3. STRUGGLING? CALL ON YOUR CANADIAN QB

 

He wasn’t the only one responsible but the fact is the Saskatchewan Roughriders were stalled in Toronto until Brandon Bridge kick-started their ski-doos. Down 13-3, the 25-year-old native of Mississauga, Ontario, stepped in and took the lead role with the best home-brew pivot performance since… I dunno… Gerry Dattilio, who was a real, honest-to-goodness Canadian starting quarterback who played in the seventies and eighties and once threw for five touchdowns in a game against Hamilton in 1980.

Bridge was calm, collected and rifle-armed in going 20-for-28 in the passing department for 292 yards and two touchdowns. Even Toronto head coach Marc Trestman — known as a bit of a quarterback expert, of course — lauded Bridge for his quick decision-making in getting the ball out fast, a key ingredient in keeping a good Argos’ defence off-balance.

Bridge’s performance left Saskatchewan head coach Chris Jones insisting that there was no quarterback controversy. Except that head coaches don’t generally get to decide that because quarterback controversies have always resided strictly in the domain of public opinion. Not to worry, though. I think everyone can at least agree that Brandon Bridge is developing well and has become a pretty good insurance policy.

Beyond that? I’m seeing a way cool promotional film in my mind’s eye. One where Brandon Bridge is seen from on high, climbing the wind-swept jagged landscape of a far off land, then cautiously approaching a cliff where a mysterious, cloaked figure stands.
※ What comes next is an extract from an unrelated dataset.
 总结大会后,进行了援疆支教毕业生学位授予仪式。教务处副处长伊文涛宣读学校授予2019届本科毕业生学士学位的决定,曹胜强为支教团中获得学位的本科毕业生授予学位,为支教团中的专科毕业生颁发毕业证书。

As Bridge draws near, the figure slowly turns and we squeal with delight as we see the face of Russ Jackson peering out from under a hood. Could it be? (Fade to black, John Williams music score swells, roll credits)

4. HOLD UP ON THAT OTTAWA EULOGY

REDBLACKS QB Trevor Harris showed no rust in his return to action this week (The Canadian Press)
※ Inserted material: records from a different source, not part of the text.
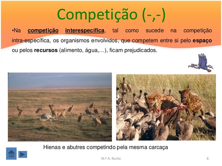 8. 8. Competição (-,-)•Na competição interespecífica, tal como sucede na competiçãointra-específica, os organismos envolvidos, que competem entre si pelo espaçoou pelos recursos (alimento, água,…), ficam prejudicados. Hienas e abutres competindo pela mesma carcaça M.ª A. Rocha 8
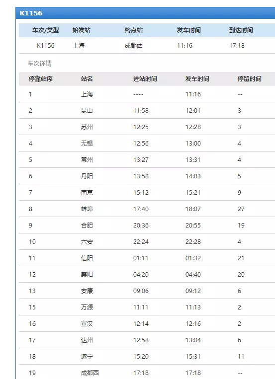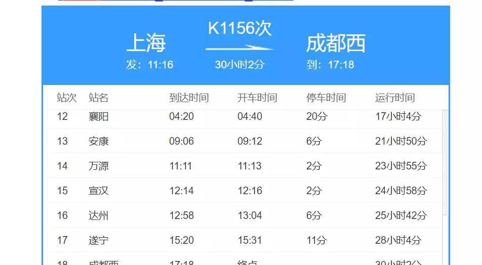 从图中,我们不难看出,K1156次旅客列车,是从上海站发车,终到成都西站的,列车全程运行大约是30个小时左右。
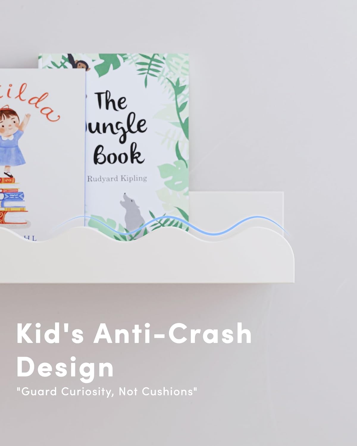 • Multi-functional Design: This set of four Kids' Bookshelves serves as both book storage and a picture ledge shelf, providing a versatile solution for your child's room. It allows you to showcase favorite books, toys, and photo frames all in one place.
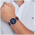 This Tommy Hilfiger watch has a case made of stainless steel with a diameter of 44 mm and is fitted with a leather band. Inside the case lies a Seiko Instruments Inc. movement and the watch features a Mineral crystal.

You’ve seen it over and over on those TV medical shows. There’s a team of doctors and nurses working frantically on a flat-lined patient and everything looks bleak and done and deathly until someone yells “we’ve got a pulse!”

Well, that was Saturday night’s REDBLACKS win in Vancouver. And I’m not sure exactly when that “we’ve got a pulse” moment came. Might have been when Jerrell Gavins flew in and caused a Bryan Burnham fumble to help key the comeback, or when Antoine Pruneau did likewise to cover a loose ball on a gutsy pooch kick after a touchdown.

I don’t know, but it was in there somewhere. Down 25-6, and just a week removed from a putrid come-from-ahead loss at home against Saskatchewan, the Ottawa REDBLACKS appeared to be as animated as proverbial doornails before the big plays came callin’ complete with Trevor Harris grabbing the paddles and yelling “clear!” as he fired three touchdown passes to help ensure the patient is stable.

Jon Snow lives! Perhaps. Full recovery? Don’t know yet but it sure beats, as they say, the alternative.

5. CALGARY WON’T BE BEATING HAMILTON 60-1 IN WEEK 17

With a new coach and a different QB, the Ticats are a different team this time around (The Canadian Press)

Is this the same team that got so thoroughly demolished at McMahon Stadium back in July? Nope. Nopers. Nope-ity nope nope.

Sure, many of the faces are the same but the overall package is much, much different and a road win against one of the league’s premier teams shows you that the broken down jallopy that got totalled in Calgary definitely emerged from the mid-season shop with more than just a new coat of paint. Within a signature win came a signature drive, a 14-play gem that traversed 85 yards, ate up nearly nine minutes of fourth quarter clock and put the game out of reach with a major score. That was the best drive of quarterback Jeremiah Masoli‘s career, right there, and it salted away a big victory in Winnipeg.

With Hamilton’s defence continuing to improve, a much, much, much closer game than July’s is in the offing when the Stampeders come calling at The Tim on Friday night. If the Ticats pull off an upset there… look out.

AND FINALLY…

Duron Carter was summoned, late in the Toronto game, to play a little defence for the Roughriders. He lined up at corner across from Argos’
playmaker DeVier Posey and… rolled up to play press coverage on him. This should leave no room for doubt in your mind that there is ever,
ever any in Carter’s. Of course, if I knew Ed Gainey had my back I might play press too.